Выйдя из комы, он сначала все отрицал. Человек, одетый в черное, выломал дверь, застрелил детей и поджег дом. Сам он был словно парализован, бессилен что-либо сделать, все это произошло у него на глазах. Когда ему предъявили обвинение в двойном убийстве в Клерво, он возмутился: «Нельзя убить отца и мать, это вторая заповедь Божья». Когда было доказано, что он не работает в ВОЗ, заявил, что числится научным консультантом в неком обществе под названием «Саут Араб Юнайтед» или что-то в этом роде, на набережной Берг в Женеве. Когда проверили и оказалось, что никакого «Саут Араб Юнайтед» на набережной Берг нет, он сдал эту позицию и тут же выдумал что-то еще. На протяжении семичасового допроса он отчаянно боролся, отрицая очевидное. Наконец то ли от усталости, то ли потому, что адвокат дал ему понять, что такая тактика защиты абсурдна и может повредить в дальнейшем, признался.

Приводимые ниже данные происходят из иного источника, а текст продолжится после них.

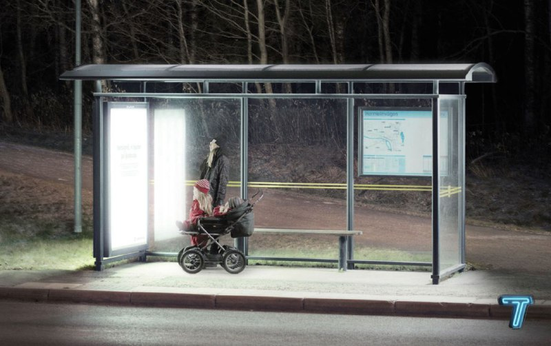 Город в Швеции использует специальные яркие лампы на своих автобусных остановках, чтобы бороться с короткими днями, недостатком солнечного света и депрессией жителей.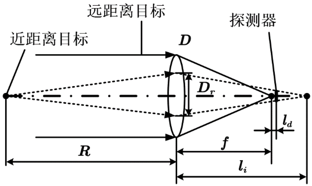 對於(yu) 不同距離的回波而言,遠距離回波可近似為(wei) 平行光,光斑聚焦在光學係統焦點;近距離回波聚焦在焦點之後的位置。當離焦光斑尺寸大於(yu) 探測器靶麵尺寸時,僅(jin) 有探測器靶麵內(nei) 的回波能量被接收,等效於(yu) 視場光闌限製了收光孔徑。因此,在合理軸向偏離量的情況下,能夠實現遠距離目標的微弱回波能量被全部接收,近距離目標的強回波能量被衰減,進而提高激光雷達係統的測距動態範圍。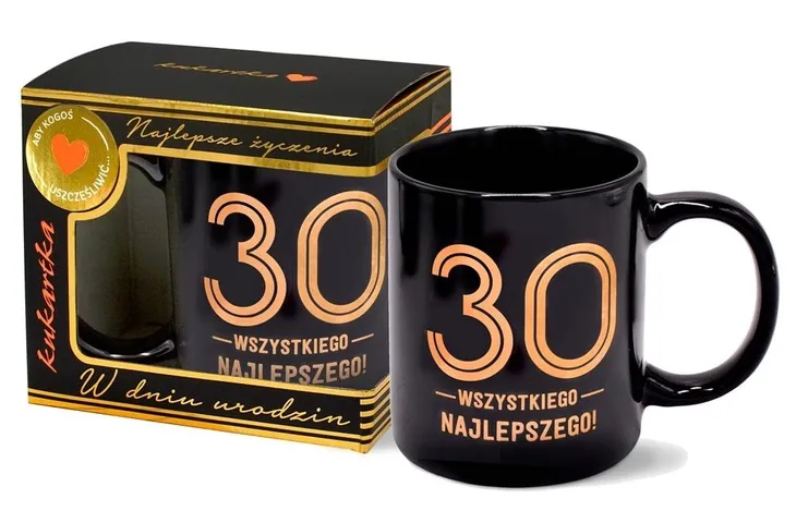 Kubek Premium na 30. urodziny Q 1063Kubki Premium Kukartka to doskonały pomysł na prezent - mają elegancką czarno-złotą kolorystykę, oryginalne wzory, są zdobione złoceniem i zapakowane w estetyczne pudełeczko.Cechy szczególne:Typ produktu: kubek na prezent,Materiał: porcelana,Pojemność: 300mlOpakowanie: ozdobny kartonik,Okazja: urodzinyPrzeznaczony do kontaktu z żywnością. Można myć w zmywarce. Nieodpowiednie dla dzieci w wieku 0-3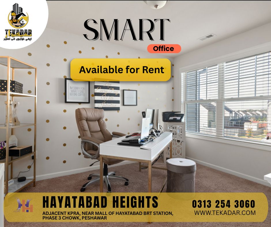 Office Space for Rent – Hayatabad Heights Prime Location | Professional Environment | Flexible TermsLooking to elevate your business presence? Step into success with our premium office spaces at Hayatabad Heights, located near Mall of Hayatabad (BRT Station), Phase 3 Chowk, Peshawar. Features Include:• Modern layout with natural light• Secure building with 24/7 surveillance• Easy...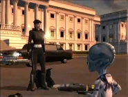 As Crypto battled Robo-Prez all across Capitol City in his Saucer with direction from Pox, Silhouette retreated from the Capitol Building in her Majestic car. After Crypto finally destroyed Robo-Prez and gloated in his victory, Pox reminded him that Silhouette was the real menace that they had to deal with. The both of them kept on mixing her up between a male and female as Pox tried to figure out where she disappeared to. Before Pox could finish his stumbling sentence, however, Silhouette herself contacted them both via radio transmission. She dared Crypto to come after her so they could fight one-on-one and said: "Sure you handled the boys: Armquist, Huffman. Oh, that was a 'challenge'. *Laughs* But everybody knows which sex is dominant on this planet!", which showed that she regarded Armquist and Huffman insignificantly in comparison to herself, the true Furon adversary.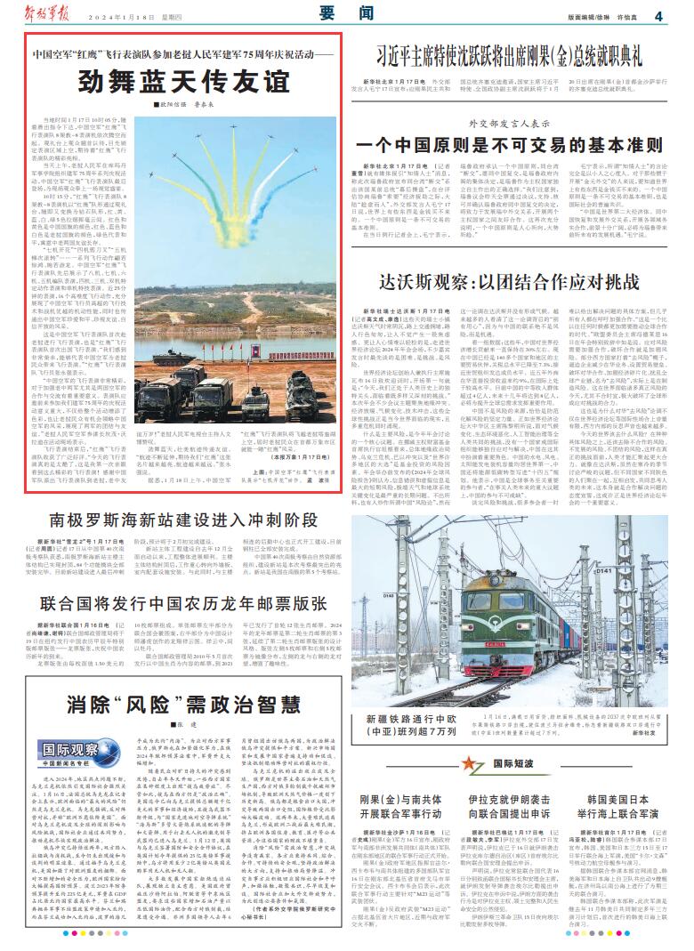 当地时间1月17日10时05分,随着滑出指令下达,中国空军“红鹰”飞行表演队8架教-8表演机依次腾空而起。观礼台上观众翘首以待,目光锁定表演区域上空,期待着“红鹰”飞行表演队的精彩亮相。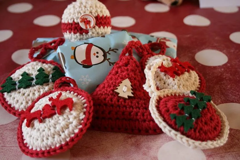 В этот волшебный праздник хочется украсить дом чем-то оригинальным, выразить свою индивидуальность и дать простор фантазиям. Новогоднюю елку можно оформлять не только шариками и гирляндами, но и добавить на ее ветви оригинальные вязаные фигурки забавных зверят и сказочных персонажей. Хорошей идеей будет размещение особых карманчиков, в которые можно класть подарки и украшения. Если большую елку приобрести не удалось, то есть возможность создать миниатюрное деревце из зеленой пряжи. Затем елочку украшают венками, колокольчиками и атласными лентами разных оттенков. Таким образом можно создать особое ощущение праздника.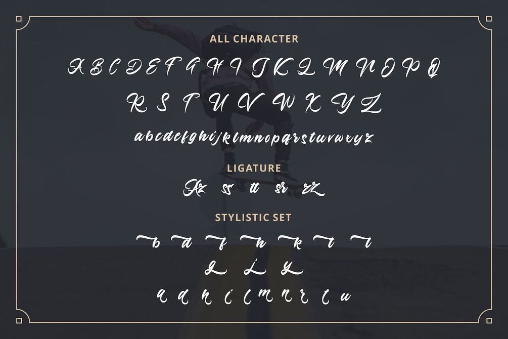 Azingdar is a Retro bold script with Groovy style, unique design taste and combine with classic retro style of the 80s, trendy, vintage, and sporty. The Azingdar is perfect for retro lovers, besides this font is also perfect if used for brands such as: barbershop, motorcycle club, clothing, logo brand, coffee shop, shoe brands, hipster and many more.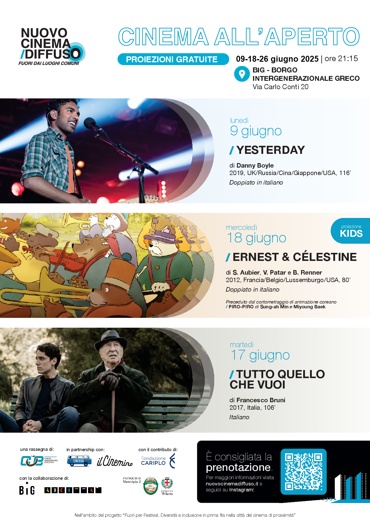 Nell'ambito del progetto realizzato dall’Associazione COE – Centro Orientamento Educativo in partenariato con l’Associazione culturale Cinevan e ASP Seiseneca per il Cinemino (bando “Per la Cultura” promosso dalla Fondazione Cariplo), si pone l’obiettivo di portare il cinema nei quartieri di Milano, in forma gratuita, al fine di creare momenti di condivisione e comunità promuovendo il cinema di prossimità a Milano mediante la realizzazione di proiezioni all’aperto nelle piazze e nei parchi municipali.
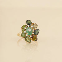 Glamour meets playfulness in these intricately crafted Elysia studs. A central emerald gemstone, framed with a delicate sparkle of natural diamonds, anchors the design. Around it, tourmalines in varying cuts and hues of green unfold like petals, creating a lush, floral silhouette. The vibrant play of color and form gives the earrings a distinctive character sophisticated yet spirited.

Его обследовали психиатры. Они были поражены складностью его рассказа и тем, как сильно он старался произвести благоприятное впечатление. Вероятно, он не совсем понимал, как это трудно — произвести благоприятное впечатление человеку, который только что уничтожил всю свою семью, а до этого восемнадцать лет обманывал и обирал близких. Вероятно также, что ему было нелегко выйти из образа, с которым он сжился за все эти годы: он по-прежнему, чтобы расположить к себе окружающих, пускал в ход любимые приемы доктора Романа: его спокойствие, уравновешенность и почти подобострастное стремление угодить собеседнику. Такое самообладание свидетельствовало о серьезном душевном расстройстве: у доктора Романа, будь он в нормальном состоянии, хватило бы ума понять, что в данных обстоятельствах в его пользу говорили бы скорее прострация, сбивчивая речь, вой смертельно раненного зверя, а не эта светская любезность. Он думал, что помогает себе, не сознавая, что ошеломляет психиатров внятным и связным изложением истории своего самозванства, произнося имена жены и детей ровным голосом, как подобает воспитанному вдовцу, ни в коем случае не желающему своей скорбью омрачать настроение окружающим, и проявляя некоторое беспокойство только по одному поводу: ему давали снотворное, и он с тревогой интересовался, не вызовет ли оно привыкания, — неуместное, по мнению психиатров, опасение.

Во время следующих бесед он рыдал и демонстрировал страдание, но психиатры не могли с уверенностью сказать, испытывает ли он его на самом деле. Специалистам было не по себе, словно им представили робота, не способного ничего чувствовать, но запрограммированного на анализ внешних возбудителей эмоций и идеально подгоняющего под них свои реакции. Программа «доктор Роман» была для него так привычна, что потребовалось время для разработки новой — «Роман-убийца» — и усвоения.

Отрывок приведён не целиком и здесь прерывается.